How do you find the sum: $\sum_{r=1}^6 \tan^2\left(\frac{r \pi}{n}\right)$

Question

How do you find the sum: $$\sum_{r=1}^6 \tan^2\left(\frac{r \pi}{n}\right)$$

I managed to solve this question using complex numbers so I thought I'd share the solution.

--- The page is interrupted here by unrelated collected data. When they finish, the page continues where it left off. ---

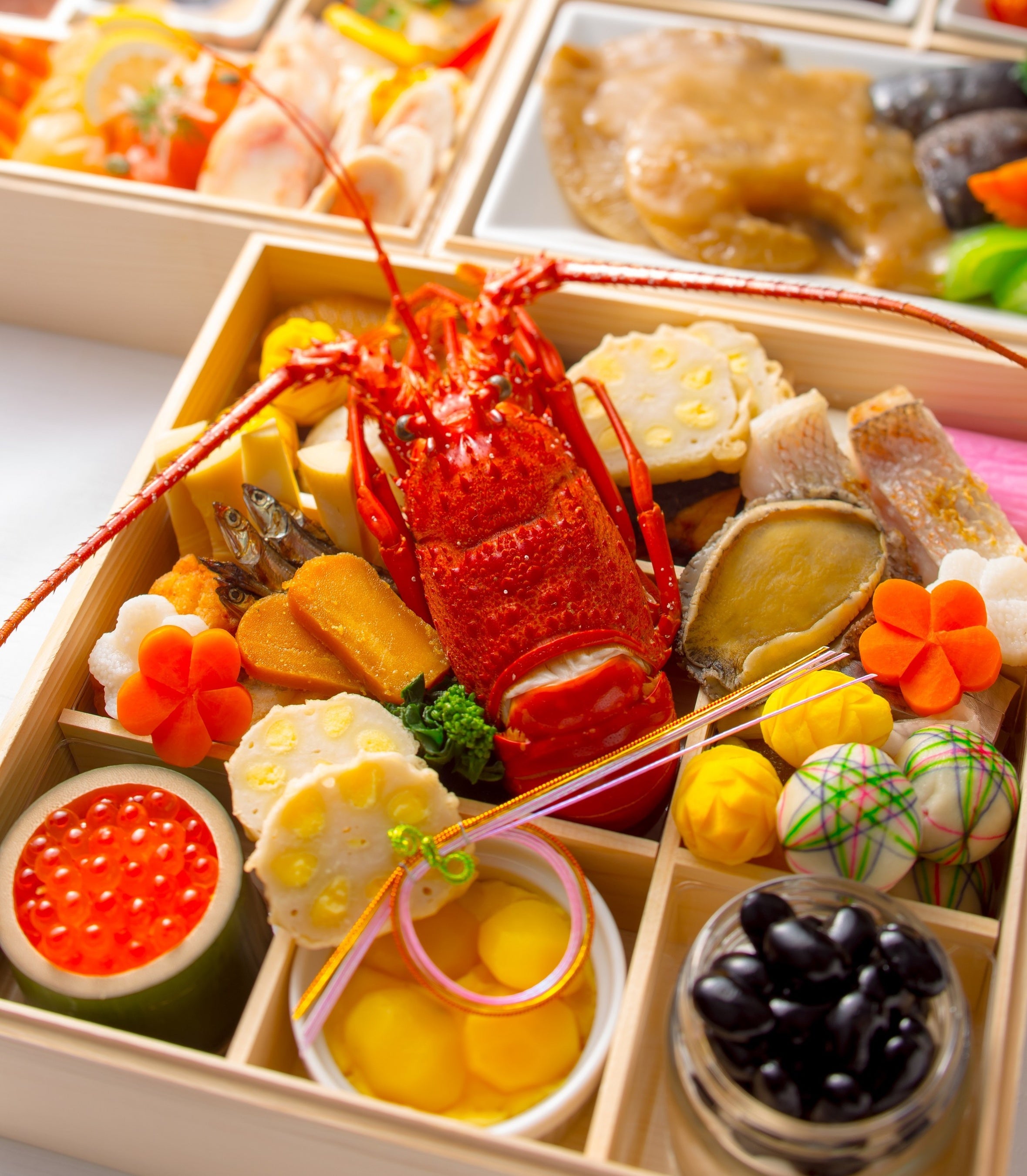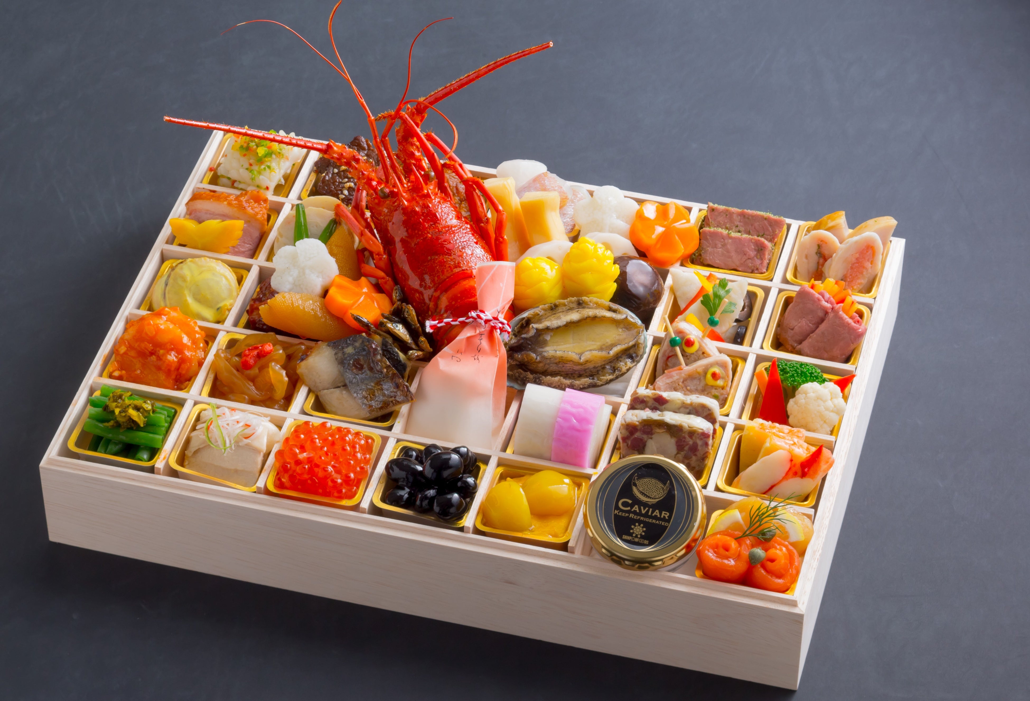 【日本料理】 伊勢海老/あわび旨煮/数の子醤油漬け/菜の花/栗きんとん/いくら醤油漬け/黒豆/甘鯛西京焼き/和牛山椒焼き/鮎昆布巻き/竹の子煮/からすみ/梅人参/梅長芋/うなぎ八幡巻き/さごし生寿司/千枚蕪/田作り/辛子蓮根/裏白椎茸/河豚竜田揚げ/網笠柚子/紅白蒲鉾/手毬麩/くわい含め煮
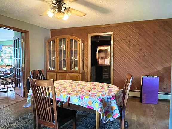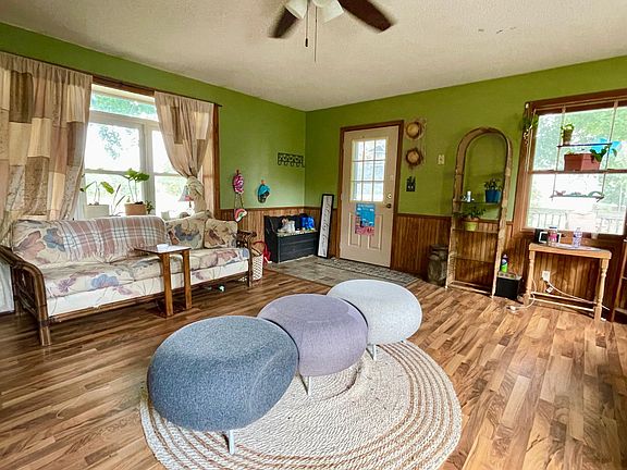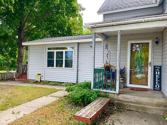 Welcome to this delightful two-story home that combines charm and comfort. As you step onto the covered front porch, you'll be greeted by a dining room with beautiful wood floors that can easily accommodate a table for eight. Through the elegant glass French doors is the spacious living room, complete with a cozy fireplace for those chilly Minnesota winter nights. This area also features a storage closet and a door that leads out to the side deck. The main floor boasts an inviting owner's suite, a convenient laundry room, and a 3/4 bathroom. The kitchen is equipped with plenty of cabinets and a patio door that opens up to a future deck. Moving on to the upper level, you'll find two sizable bedrooms and a full bathroom with dual sinks. Exterior boasts detached 2 stall garage, oversized shop, kids playhouse/storage, fenced yard and playset. You will love to make this home yours!
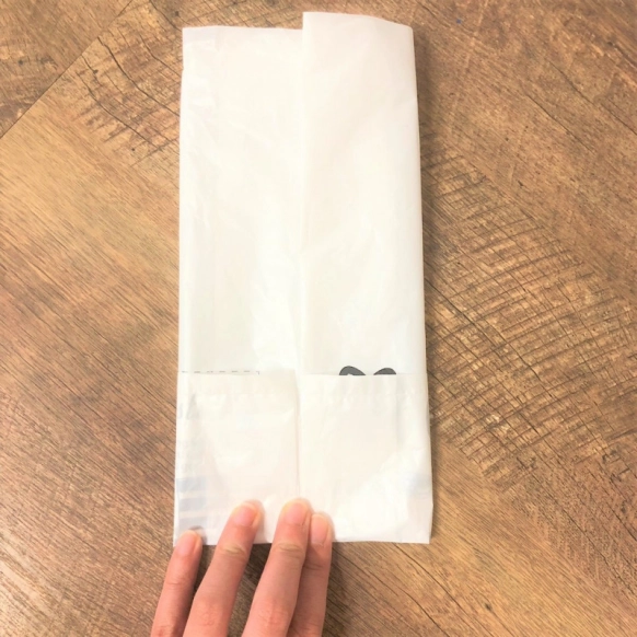 では、ポリ袋のたたみ方をご紹介していきます!今回は、持ち手のない袋で実演しますが、持ち手があるポリ袋も同じ手順で進めていきますよ。無印のケースやティッシュ箱にも収納できるサイズにたためるのが、こちらの方法です。まずは、袋を裏返しにします。シワをピンと伸ばすと、たたみやすいですよ。そして、1/4ほどを裏側に折り込みます。
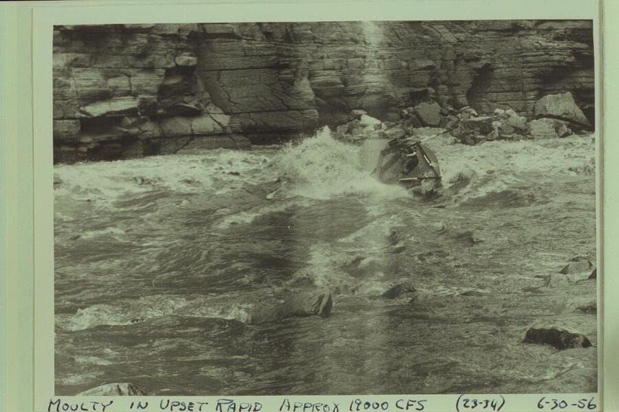 Guy Taylor Jr., Moulty Fulmer and Norm Day in the "GEM"; Mile 52.5 at foot of Nancoweap Rapid
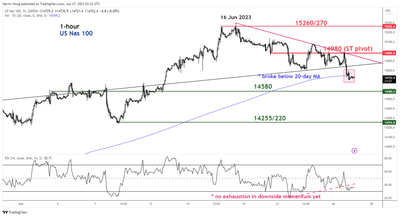 Fig 2: US Nas 100 short-term minor trend as of 27 Jun 2023 (Source: TradingView, click to enlarge chart)
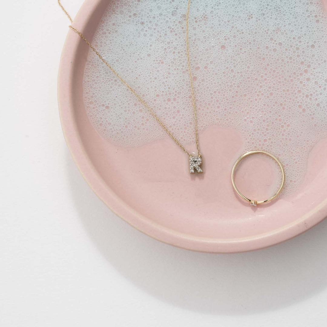 Give your diamond jewellery a bath in warm soapy water for about 20 minutes to remove any built-up dirt and oil.
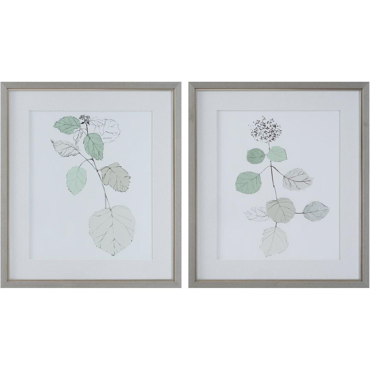This Set Of Framed Prints Showcases Abstract Compositions In Cool Olive, Mauve, Rose, And Gray Tones. Each Piece Of Art Is Placed Under Glass And Surrounded By Double White Matting And A Solid Wood Frame In A Light Oak Finish. Artwork By Jennifer Goldberger.
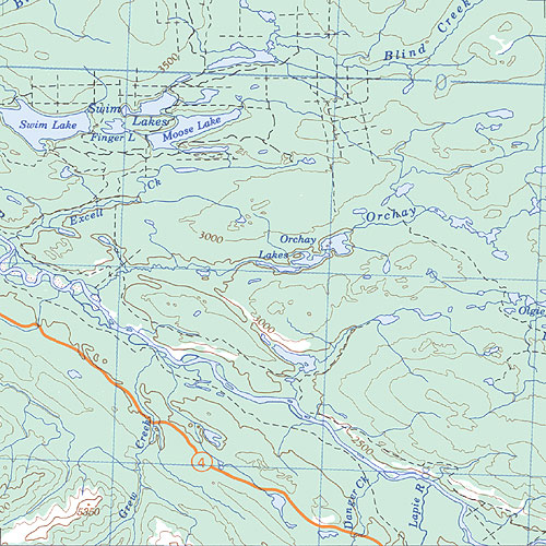 The topo map image to the left is not an exact representation. The image is based on the 1:1,000,000 scale map of the Yukon Territory. The actual 1:250,000 and 1:50,000 scale maps have additional detail not shown at the 1:1,000,000 level.
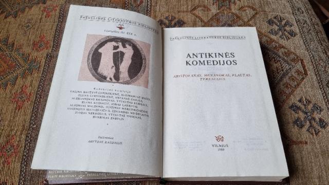 Šiame tome pateikiami žymiausių antikos komediografų kūrybos pavyzdžiai - senovės graikų dramaturgų Aristofano "Demesys", "Taika", "Varlės", "Plutas", Menandro "Bambeklis" ir romėnų rašytojų Plauto "Vergas apgavikas", "Karys pagyrūnas", "Dvyniai", "Amfitrionas" bei Terencijaus "Broliai". "Taika" ir "Bambeklis" lietuviškai skelbiama pirmą kartą.
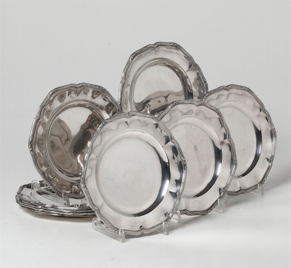 Nove piattini in argento. Manifattura italiana del XX secolo
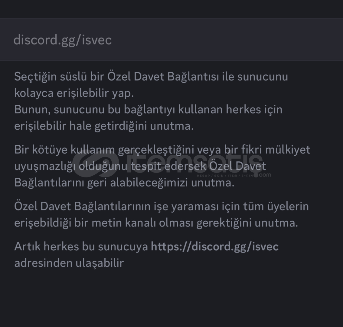 Boost/nitro/owo cash veya üye alışlarınızda yazacağınız sunucu bağlantınızı ya da kullanıcı adınızı kontrol ederek siparişi tamamlayınız. Aksi taktirde oluşabilecek sorunlarda tüm sorumluluk sizlere aittir.

If you know of any better method of solving it, please do share.

Answer 1

Let $x=\frac{\pi}{7}:$ $$(\cos x + i \sin x)^7 = \cos 7x + i \sin 7x$$

Since $\sin 7x$ = Imaginary part of $(\cos x + i \sin x)^7$

$$\sin7x = \sum_{r=0}^3 \binom{7}{2r+1}(\cos x)^{7-(2r+1)} \cdot(i\sin x)^{2r+1} $$

We also know that $\sin 7x = 0$ $$0 = \binom{7}{1}(\cos x)^{6} (\sin x)^{1} -\binom{7}{3}(\cos x)^{4} (\sin x)^{3}+\binom{7}{5}(\cos x)^{2} (\sin x)^{5}-\binom{7}{7}(\cos x)^{0} (\sin x)^{7}$$

$$0 = 7(\cos x)^{6} (\sin x)^{1} -35(\cos x)^{4} (\sin x)^{3}+21(\cos x)^{2} (\sin x)^{5}-(\cos x)^{0} (\sin x)^{7}$$

$$0 = 7\tan x - 35\tan^3 x + 21\tan^5 x - \tan^7 x$$

$$0 = \tan^6 x - 21\tan^4 x + 35\tan^2 x -7$$

Since the roots of the above equation are $\tan \frac{\pi}{7},\tan \frac{2\pi}{7},\tan \frac{3\pi}{7},\tan \frac{4\pi}{7},\tan \frac{5\pi}{7},\tan \frac{6\pi}{7}$ and $\tan \frac{\pi}{7}$=$-\tan \frac{6\pi}{7}$, on pairing the roots of the equation, we have:

$$\left(\tan^2 x - \tan^2 \frac{\pi}{7}\right)\left(\tan^2 x - \tan^2 \frac{2\pi}{7}\right)\left(\tan^2 x - \tan^2 \frac{3\pi}{7}\right)=0$$

Hence we have an equation in $\tan^2 x$. The given question requires us to find 2 times the sum of the roots, since $$\sum_{r=1}^6 tan^2\left(\frac{r \pi}{n}\right)=2\sum_{r=1}^3 tan^2\left(\frac{r \pi}{n}\right)$$

Thus we find the required sum as: $$2\left(\frac{-b}{a}\right) = 2 \cdot21 =42$$